[TASK BRIEF]: Exactly as written, print the lines from the top of the listing through the line containing "The paper investigates"; include no pictures.

[GIVEN MATERIAL]:
:::::
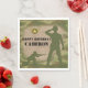 Este guardanapo personalizado apresenta um tema de missão militar. Imagens de soldados de brinquedos do exército verde estão impressas no fundo. Um padrão camuflado borda as imagens.
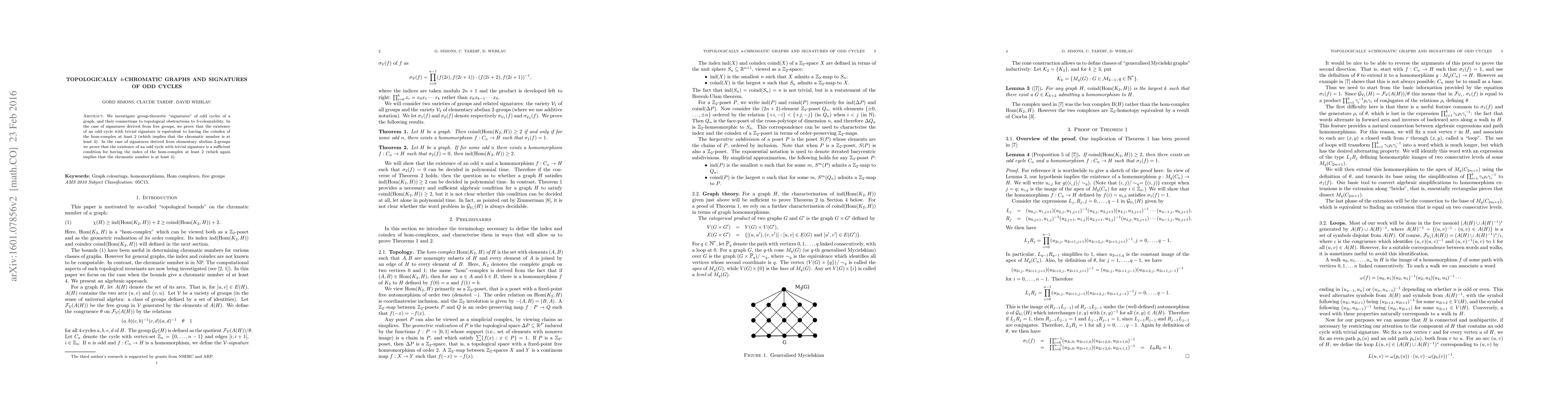 The paper investigates group-theoretic 'signatures' of odd cycles in graphs, connecting them to topological obstructions to 3-colorability. It proves results for signatures derived from free groups and elementary abelian 2-groups, establishing conditions under which the chromatic number is at least 4.
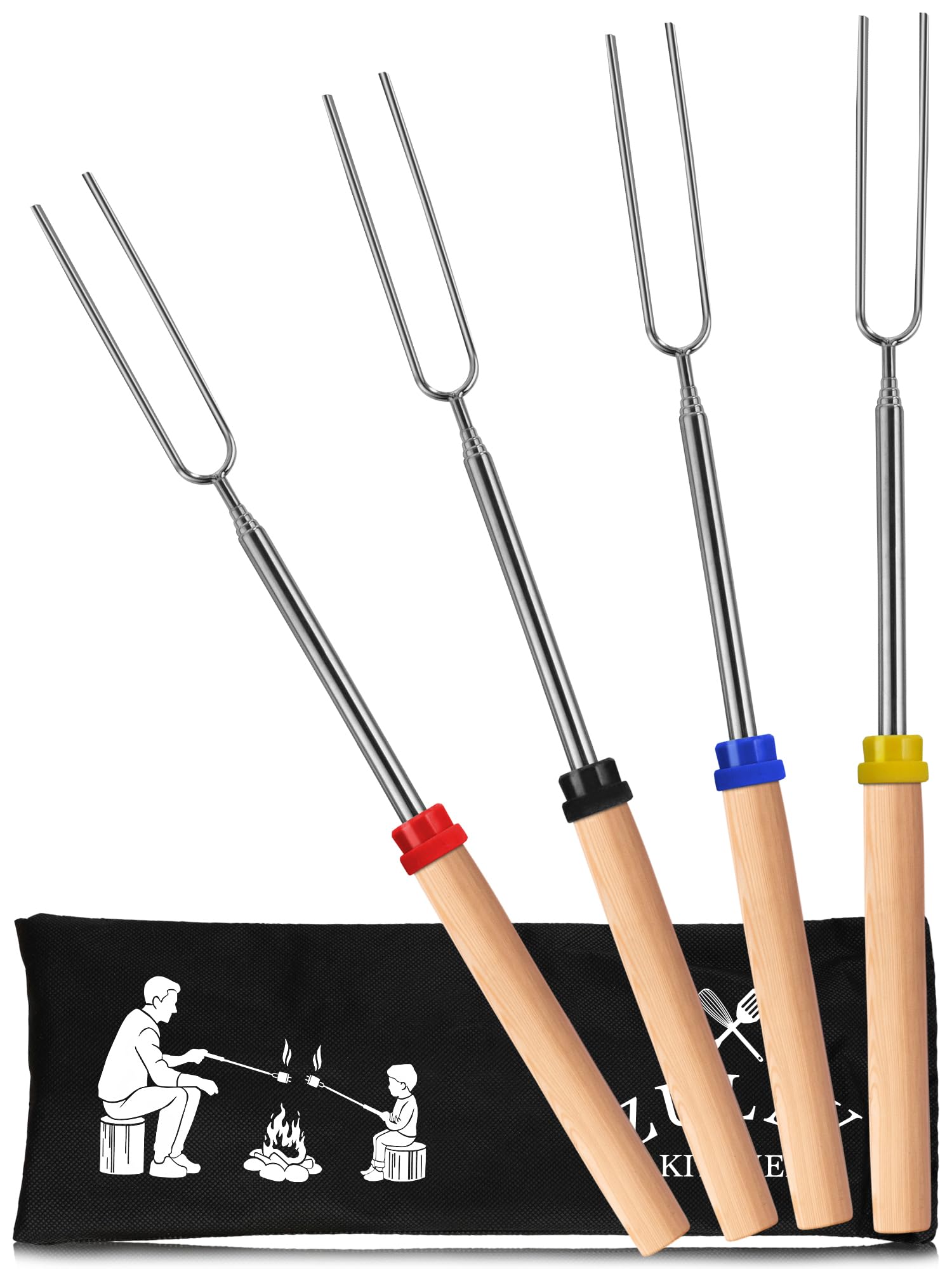 Premium Quality, Perfect For Bonfires: Take camping to the next level! These Telescopic Marshmallow Roasting Sticks are made of non-toxic heat-treated 304 Stainless Steel. The rods and tubes are arc-welded in place with a prong distance of 3.5 inches for optimal roasting. Built with a heat-resistant finely polished wood handle with a plastic end to hold the metal so it does not get warm all the way. Ergonomic Kid-friendly Design: These stainless steel NON-SHARP forks have an extendable and collapsible feature that could be stretched up to 32 inches, 3x by its original length of 12 inches to keep you and your child away from the fire as your food is roasting away on the other end. Perfect s'mores, sausages, hot dog, barbecue or wieners plus a comfortable wooden handle for a firm and steady grip. Color Coordinated Feature: The Zulay Telescopic Marshmallow Roasting Sticks Bundle comes with 4 Pieces of color-coordinated forks that are attractive, easier to handle, and durable enough to last for all your outdoor adventures. Now, you don’t have to worry about your kids fighting over roasting time, they will have a stick of their own as it comes with 4 bright and lively colors that they can choose from. Easy To Clean & Store: Cleaning up marshmallow goo has never been this easy. Yes, these stainless steel telescope skewers are dishwasher friendly! They are lightweight and come with a black polyester drawstring bag for quick and easy stuff storage. They are reusable and zero waste. No need to throw away after when s’more time is over! No Hassle, Zulay Guarantee: We love and take pride in our Telescopic Marshmallow Roasting Sticks and we back this up with a lifetime guarantee. Have the confidence that this product will last, if there are ever any issues, just contact us and we will make it right. Order now and be assured that this product will live up to your expectations, guaranteed. If it does not, we got you covered. Chances are, you will never need to reach out. No campfire is complete without some perfectly roasted marshmallows and for that Zulay’s Telescopic Marshmallow Roasting Sticks. Made with non-toxic and heat-treated 304 stainless steel, this smores kit for fire pit is perfect for roasted marshmallows for both indoor and outdoor bonfire adventures. With extendable and collapsible features, you can use these roasting sticks while maintaining a good distance from the heat. Our marshmallow roasting sticks are ideal for letting kids enjoy the bonfire. It is made with non-sharp forks and a comfortable wooden handle for a firm and steady grip. The Zulay Telescopic Marshmallow Roasting Sticks Bundle comes with color-coordinated forks so you don’t have to worry about your kids fighting over roasting time. The lightweight camp fire sticks are reusable and can be easily packed in a drawstring bag. It makes a great addition to camping accessories, camping essentials, glamping accessories, fire pit accessories for outside, campfire cooking equipment, and camping cooking. Use these are marshmallow sticks for fire pit, hot dog sticks for campfire, skewers for kabobs, skewers for appetizers, skewers for grilling, hot dog sticks for campfire, grill skewers for outdoor grill, shish kabob skewers, bbq skewers and metal skewers. Make your special ones’ adventure sweet by surprising them with these skewer sticks as a birthday gift, Christmas gift, Thanksgiving gift, Valentine’s day gift, anniversary gift, Mother’s day gift, Father’s day gift, housewarming gift, and camping gifts.
:::::
[RESPONSE AREA]:
 Este guardanapo personalizado apresenta um tema de missão militar. Imagens de soldados de brinquedos do exército verde estão impressas no fundo. Um padrão camuflado borda as imagens.
 The paper investigates group-theoretic 'signatures' of odd cycles in graphs, connecting them to topological obstructions to 3-colorability. It proves results for signatures derived from free groups and elementary abelian 2-groups, establishing conditions under which the chromatic number is at least 4.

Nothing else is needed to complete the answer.